Amazon devices are listening, watching and will soon be cleaning up after you.
The e-commerce giant will acquire iRobot – best known for its robotic vacuum Roomba – under a $1.7 billion all-cash deal, the latest step in its push into the home.
From fitness wearables to streaming devices to its Alexa digital assistant, Amazon has advanced a lineup of devices under an ecosystem that ties consumers more tightly to the company and its services.
Last year, it introduced Astro, a $1,000-plus robot meant to ferry around small items and keep its cameras peeled for intruders.
The deal announced Friday also is a continuation of Amazon’s business strategy to expand market share in different product categories through acquisitions.
It snapped up Ring, which makes video doorbells and other smart-home technology, in February 2018, and before that Blink, which makes connected cameras and doorbells for the home.
It also stunned the grocery industry in 2017 when it announced the purchase of Whole Foods Market, a deal valued at $13.7 billion.
The move comes just two weeks after Amazon announced it would buy the primary care provider One Medical for $3.9 billion as part of a major expansion of the tech company’s health care ambitions.
The tie-up, one of its largest acquisitions ever, gives Amazon a physical network of health care offices and providers and bolsters its existing health care portfolio, which includes an online pharmacy and Amazon Care, a virtual and in-home urgent care service.
Amazon’s $61-per-share offer represents a 22% premium over Thursday’s closing price of $49.99.
On Friday, iRobot stock surged nearly 19.1% to close at $59.54.
“We know that saving time matters, and chores take precious time that can be better spent doing something that customers love,” said Dave Limp, senior vice president of Amazon Devices.
“Over many years, the iRobot team has proven its ability to reinvent how people clean with products that are incredibly practical and inventive.”
Founded in 1990 by roboticists from the Massachusetts Institute of Technology, iRobot offers an array of automated vacuums and mops, as well as air purifiers and handheld vacuums.
Its signature Roomba, which retails for as much as $1,000, learns the contours and corners of floors and can detect objects, offering connectivity to Wi-Fi networks and smartphones and can be summoned by voice-activated smart home devices.

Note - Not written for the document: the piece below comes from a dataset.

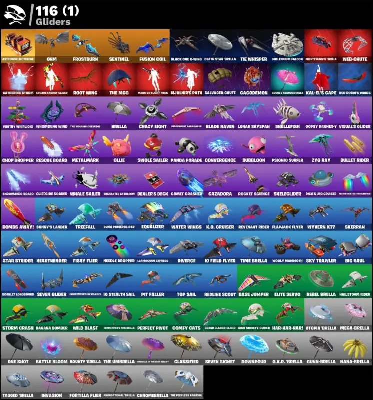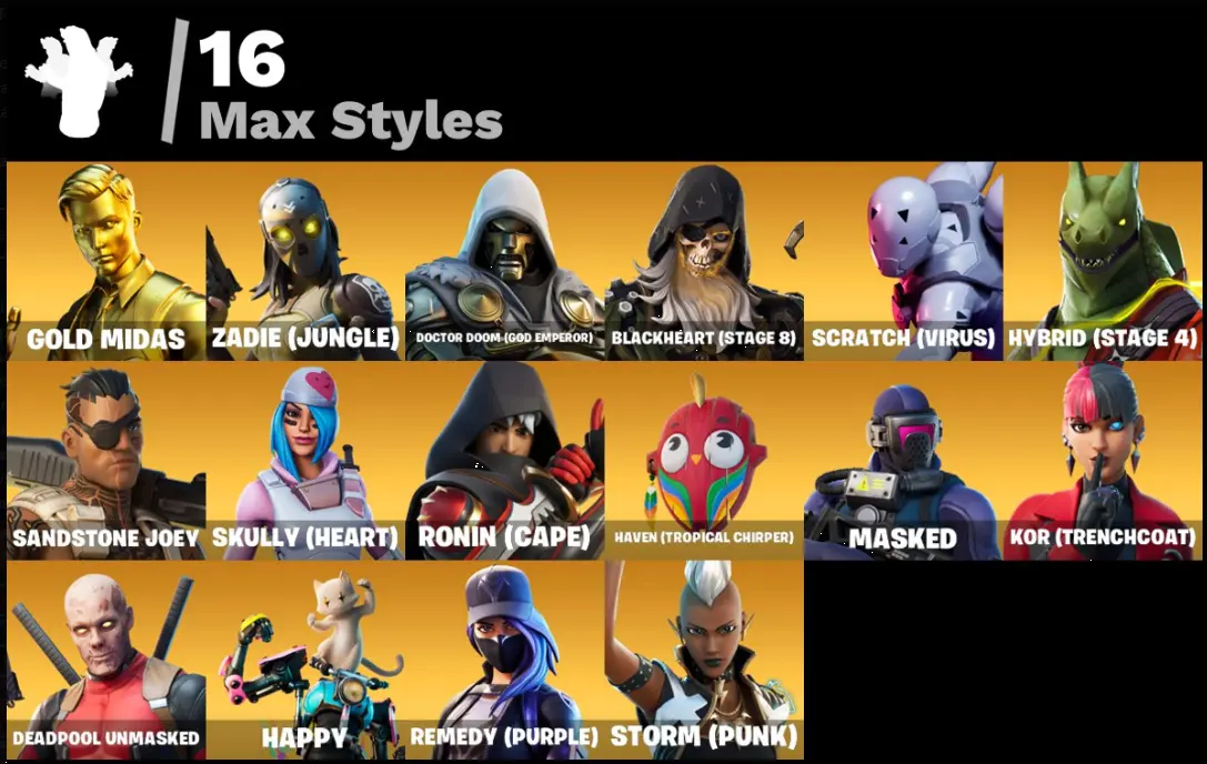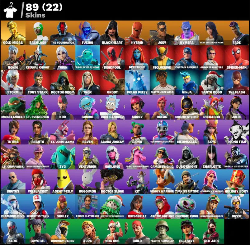 89 skins | Gold Midas | Backlash | The Foundation | Fusion | Blackheart | Hybrid | Joey | Kymera | Gear Specialist Maya | Fade | Ronin | 100 VB

The company began trading on the Nasdaq in 2005 but, iRobot has had a rocky year.
On Friday, it reported second-quarter revenue of $255.4 million, a 30% drop from the year-ago period.
It reported a net loss of $43.4 million for the three-month period ended July 2.
The company also plans to shift certain non-core engineering roles to lower-cost regions as part of a cost-reduction plan, and lay off 10% of its workforce, roughly 140 employees, according to the earnings report.
The company has withdrawn the 2022 financial forecast that it issued in May and, citing “ongoing disruptions and uncertainty that could impact the company’s outlook,” it suspended providing all other guidance about future performance.
iRobot’s products, which map out the floor plans of its customers’ most intimate spaces, will augment Amazon’s suite of products that function by surveilling the home, and the people inside of it.
What began as a microphone in a speaker has evolved into a growing genre of devices meant to make domestic life more enjoyable.
Last September, at the company’s annual fall press event, Amazon unveiled a 15-inch wall-mounted version of its Echo Show screen that watches and listens to your home, and a number of other products and services that all monitor consumers in some way to anticipate their needs.
The growth of such technology highlights consumers’ increasing tolerance for sensors and cameras trained on their daily routines.
That evolution has drawn criticism from privacy advocates and concerned consumers.